Let me know your thoughts,
Ben

p.s. the ability to declare availability on a conformance is certainly something the core team expects to see added to the language in future versions of Swift – any thoughts on the design/implementation of that feature would be welcome over on the compiler development forum.


@availability on conformances
(^) #300

The core of the proposal is the statically checked ascii literals,, the character and unicode scalar literal syntax is just a side benefit. the first thing isn’t possible in user-defined extensions, the second is just a syntactic difficulty from not having enough type context. taking the second without the first feels like cutting out the cake for the icing.

how long should we expect before this gets unblocked?


#301

As long as the static checking for ASCII literals is confined to single-quoted characters, what’s the problem?
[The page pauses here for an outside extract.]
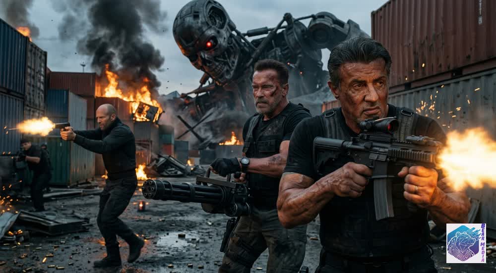 The container yard erupts into a breathtaking, apocalyptic symphony of gunfire, roaring flames, and cascading explosions. Barney ross swings his rifle, carving a brutal, kinetic path through the relentless tactical units, his every shot a violent rejection of the new order that wants them gone. Beside him, Christmas unleashes a torrent of quick, precise fire, dodging large-caliber rounds and falling debris as the sky turns into a vortex of explosive terror. Trench, with his massive weapon, creates a wall of fire, proving that old blood still has enough fury to hold the line against an army. It is a breathless, chaotic struggle through burning industrial structures and crushed concrete barriers, where every empty magazine dictates the survival of the legend.

protocol ExpressibleBySingleQuotedCharacterLiteralOrWhatever { … }

extension Int: ExpressibleBy… { … }

let x: Int = 'a'    // 97

(^) #302

there can be no static checks in user extensions?


(Ben Cohen) #303

So, even though you cannot add availability to the conformance, you can add the functions that fulfill the conformance. So it would be possible to add the init(unicodeScalarLiteral:) in the proposal, guarded by availability. If it's within that function that the static checks happen, this would still allow users to add the conformance to Int8 themselves while getting the compile-time warning. It's worth an experiment to confirm.


(^) #304

the tightest that unicodeScalarLiteral can be constrained to is Unicode.Scalar, which says nothing about whether the scalar value (which is 32 bits long) is actually an ascii scalar. Are you suggesting we add Int8 to the list of allowed Self.UnicodeScalarLiteralType associatedtypes?


(Ben Cohen) #305

I haven't looked at this part of the implementation PR, but how was the desired feature of a compile-time error being handled previously?

The question is, if everything except the actual conformance of Int8 to ExpressibleByUnicodeScalarLiteral were implemented, but the conformance itself left to the user (sidestepping the need for availability), would you still get that compile-time feedback? It's worth running a quick experiment to confirm (and if it doesn't work, seeing if the implementation can be phrased slightly differently so it does work).


(^) #306

It would be possible only if Int8 were conformed to _ExpressibleByBuiltinUnicodeScalarLiteral because this protocol is what constrains Self.UnicodeScalarLiteralType. I can’t do this test because that would involve modifying a builtin compiler protocol. This is the only way that would make it possible to write an initializer for UInt8 and Int8 that takes a Int8 statically-checked input and conforms them to ExpressibleByUnicodeScalarLiteral.


(Ben Cohen) #307

The test I'm describing involves changing the standard library i.e. modify the PR to still add the needed initializers, but just don't add the conformances, and instead try adding them from outside the std lib using that compiler and see if all the expected behaviors still work.

Now, it's possible that approach won't work with _ExpressibleByBuiltinUnicodeScalarLiteral since it's special (you certainly can't write your own implementation of the init because it uses a Builtin.Int32 – but maybe if that's already there you can add your own conformance). It's also more dubious a practice to encourage adding conformance to an underscored protocol. But it's worth an experiment at least.